Work to be completed – Under this line are records; the part from the line containing "此為天母地標住宅之一戶私院造景,配合屋主的喜好以精緻日式風格設計融合周遭環境。" through the line containing "Car humidifier evaporative" should be repeated exactly. Please exclude pictures.

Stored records
——

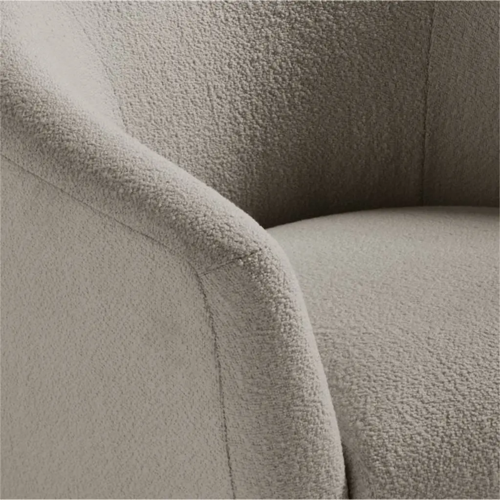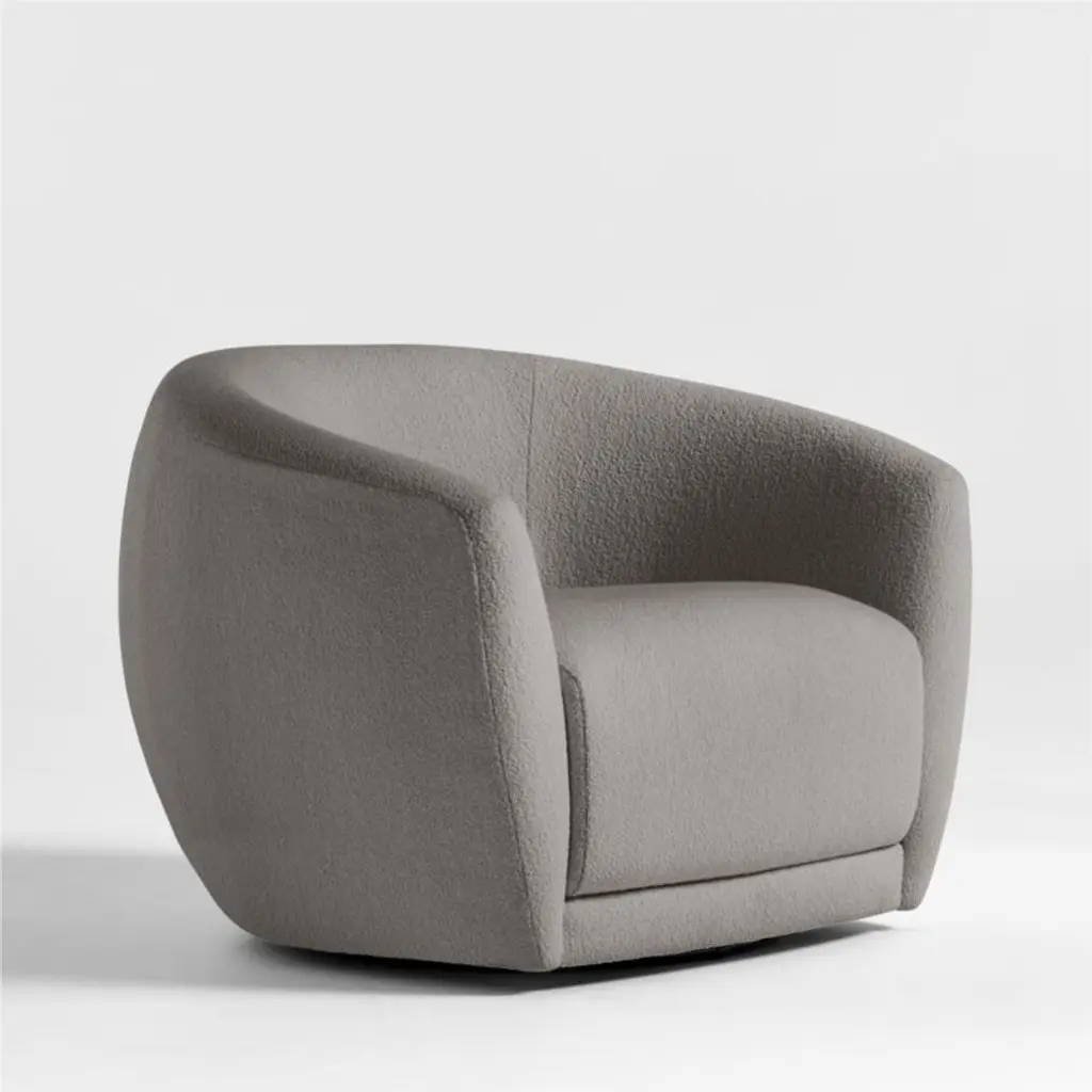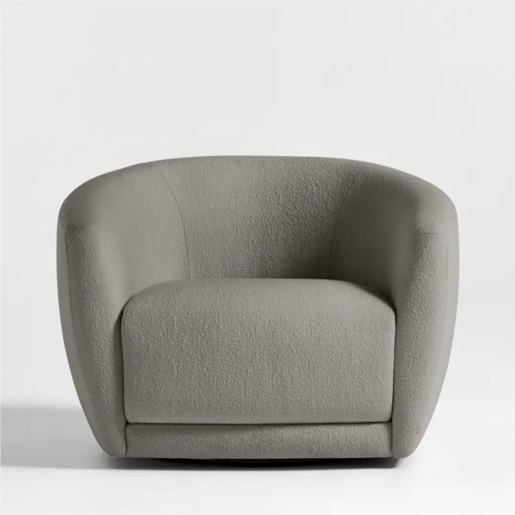 Cozy up to Valen, our contemporary, super-comfortable take on a classic silhouette of modern design. You'll love its sculptural egg-shaped profile, arms that curve a hugging embrace and a swivel that goes a full 360. A slim deck makes room for an extra-plush seat. Neatly tailored in slate grey boucle weave for a luxe feel that is still durable for everyday use, this exclusive swivel chair looks stunning on its own or in pairs.By choosing FSC®-certified furniture, you are supporting responsible management of the world's forests.
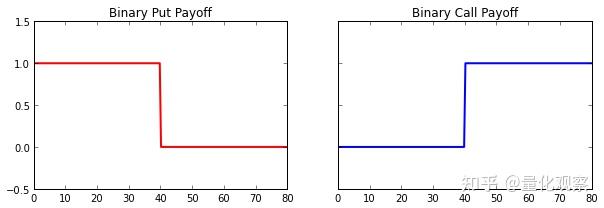 对于我们的模拟,我们将研究现金或无现金二元期权。 二元看涨期权和看跌期权的收益如下所示。
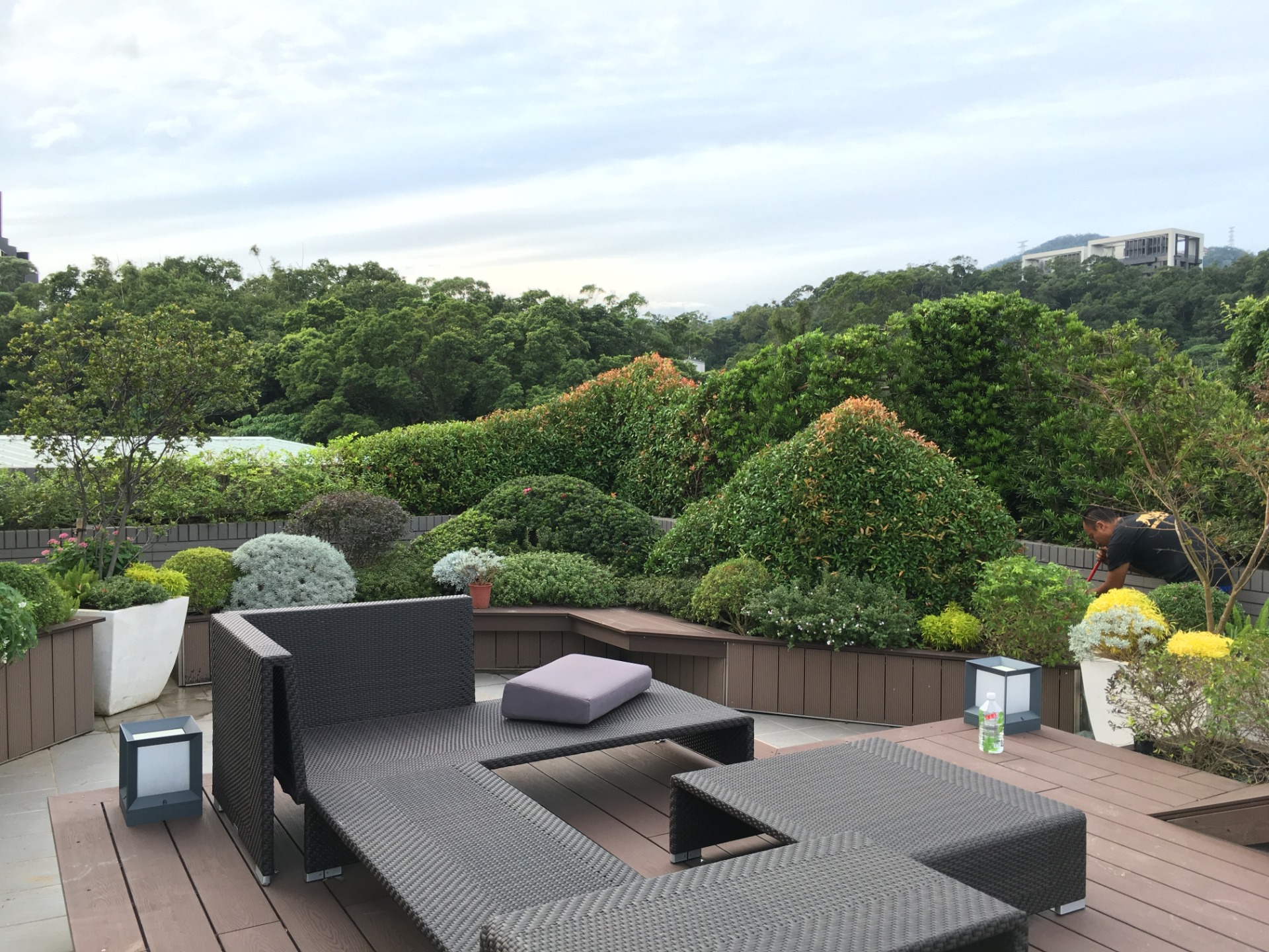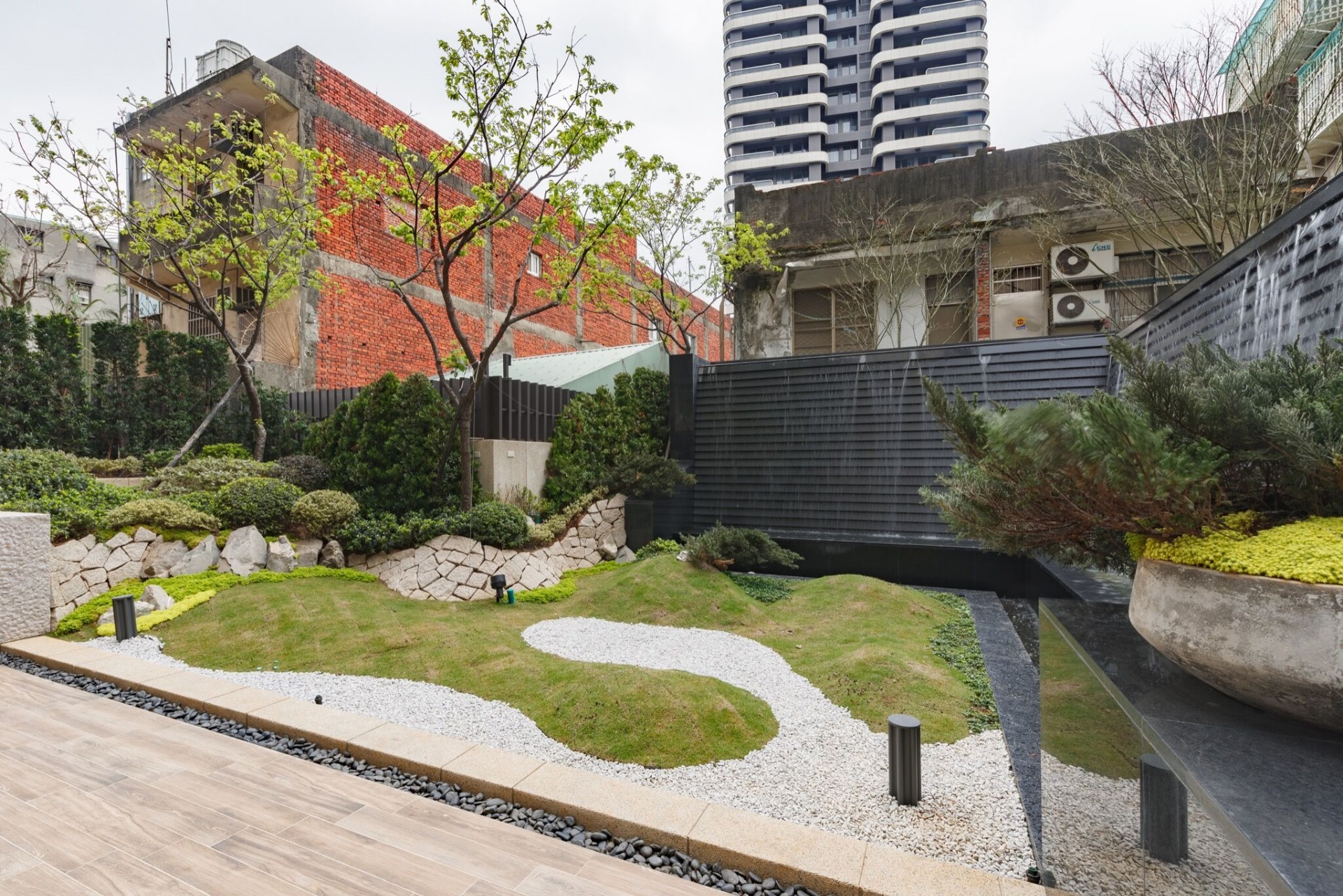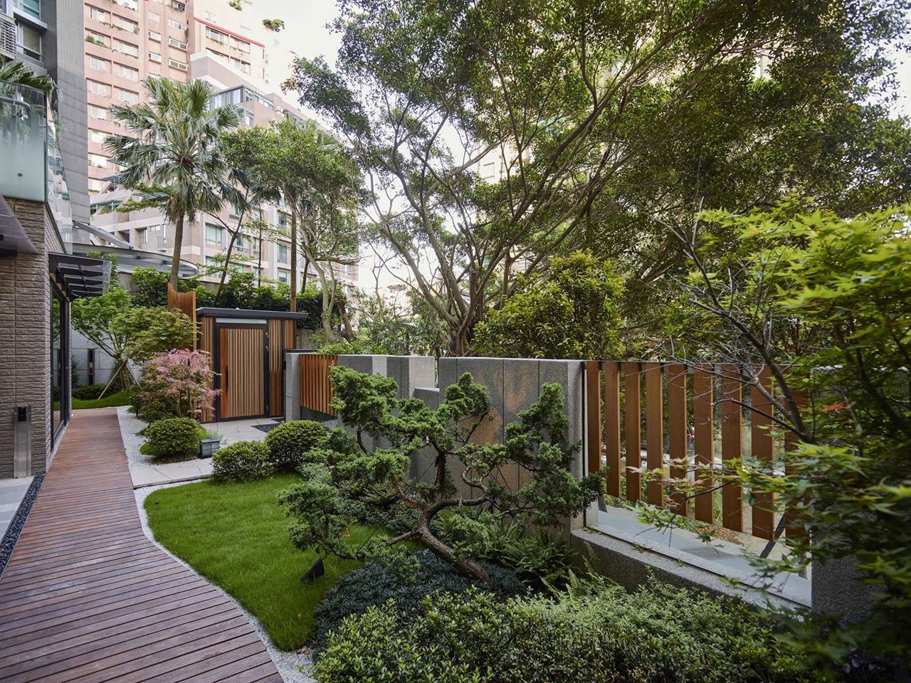 此為天母地標住宅之一戶私院造景,配合屋主的喜好以精緻日式風格設計融合周遭環境。
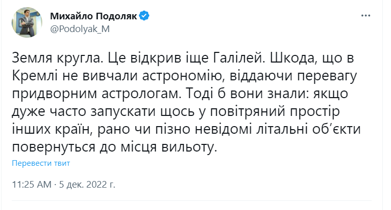 Жаль, что в Кремле не изучали астрономию, предпочитая придворных астрологов. Тогда они бы знали: если очень часто запускать что-то в воздушное пространство других стран, рано или поздно неизвестные летательные объекты вернутся к месту вылета, – отметил Подоляк.
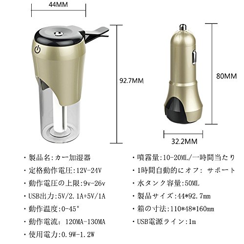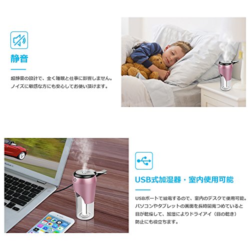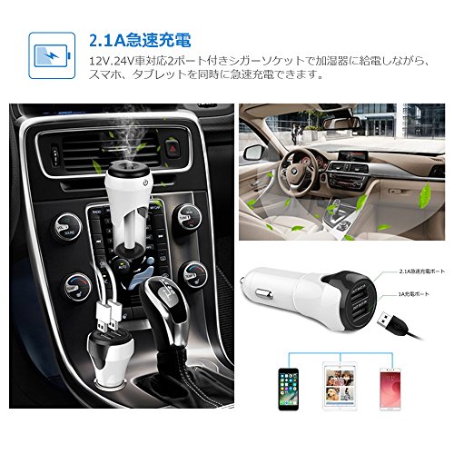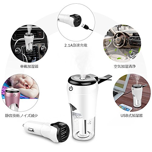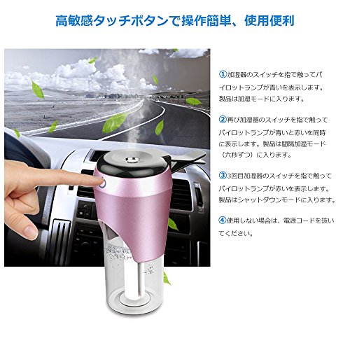 Car humidifier evaporative small USB humidifier rapid charging 2-port USB car charger USB mini humidifier aroma humidifier mode switching function air conditioning blow-out port mounted low noise empty-fired anti-Goodlight (Pink)
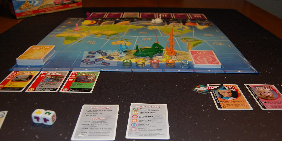 At a glance: In Thunderbirds, you take on the role of one of the members of International Rescue. Working together with the other players, you travel around the world rescuing people and averting disasters while trying to collect enough materials and bonus tokens to avert three schemes plotted by the nefarious villain Hood. If your team can defeat Hood’s schemes before he enacts them, you win, but if he manages to pull even one of them off, or if you fail to avert any of the disasters before they make their way down the disaster track, you lose.
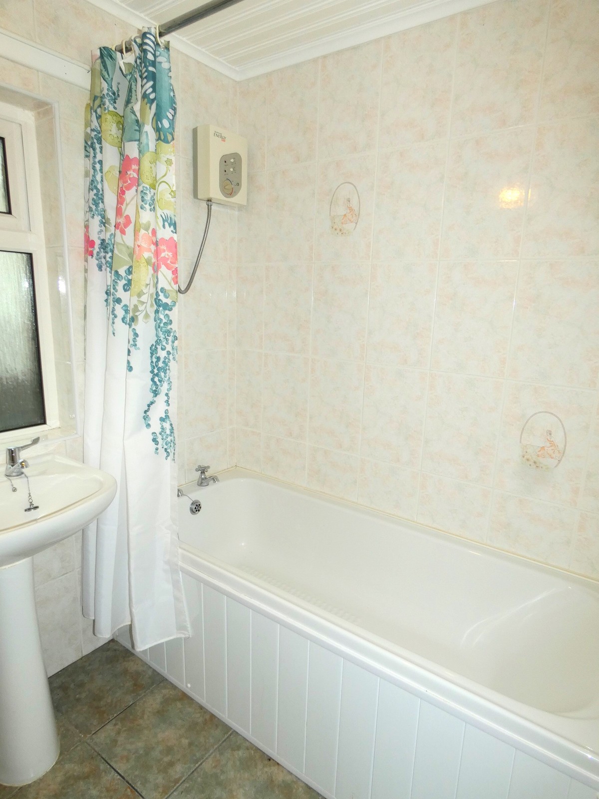 Fitted suite including a pedestal wash hand basin, a w.c, tiled floor, tiled walls, a painted wood sheeted ceiling and a panel bath with an electric shower over.
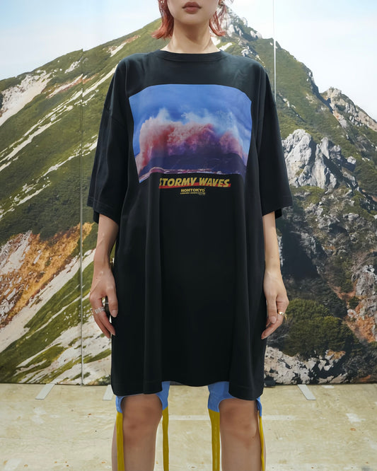 WAVE PRINT BIG T-SHIRT (BLACK)
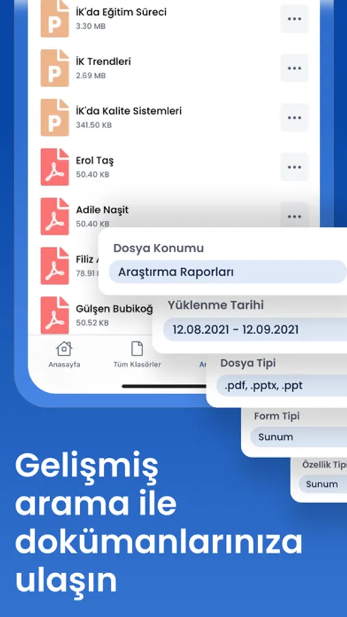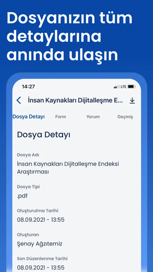 Documents are categorized by folders defined in the application. Folder and document authorizations are managed with permissions. Documents are uploaded to the system as single/multiple or scanned. The changes you make on the document are followed by the versions. It accelerates access to documents with its advanced OCR (Optical Character Definition) feature and detailed search function. With the transfer feature, documents are shared securely with users inside and outside the system. Every process made through the application can be tracked.
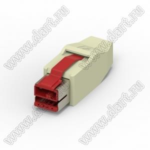 USB с питанием, штекер для кабеля; Uном=24В (секция питания); золочение 10мкм; красный
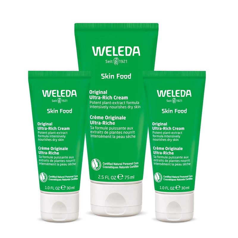 Weleda Skin Food Original Ultra-Rich Body Cream Trio, 3 Piece Set, 2.5 Fluid Ounce (Pack of 1), 1 Fluid Ounce (Pack of 2), Plant Rich Moisturizer and Lip Care with Chamomile and Calendula
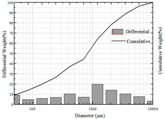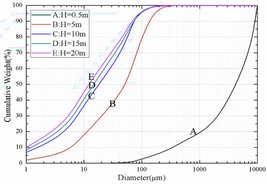 The curves A–E in Figure 10 are distributions of the particle size distributions of the solid particles at heights of 0.3, 5, 15 and 20 m, respectively, in the furnace. As the height of the furnace increased, the proportion of small-sized particles became larger and larger due to the influence of solid particle precipitation and backmixing, while the proportion of large-sized particles became smaller and smaller. After some of the particles entered the cyclone with the flue gas, the particles that had undergone cyclone separation were returned to the furnace through the return sealing device. Large-sized particles were mostly concentrated in the dense phase region at the bottom of the furnace.

——

Expected answer –
 此為天母地標住宅之一戶私院造景,配合屋主的喜好以精緻日式風格設計融合周遭環境。
 Жаль, что в Кремле не изучали астрономию, предпочитая придворных астрологов. Тогда они бы знали: если очень часто запускать что-то в воздушное пространство других стран, рано или поздно неизвестные летательные объекты вернутся к месту вылета, – отметил Подоляк.
 Car humidifier evaporative small USB humidifier rapid charging 2-port USB car charger USB mini humidifier aroma humidifier mode switching function air conditioning blow-out port mounted low noise empty-fired anti-Goodlight (Pink)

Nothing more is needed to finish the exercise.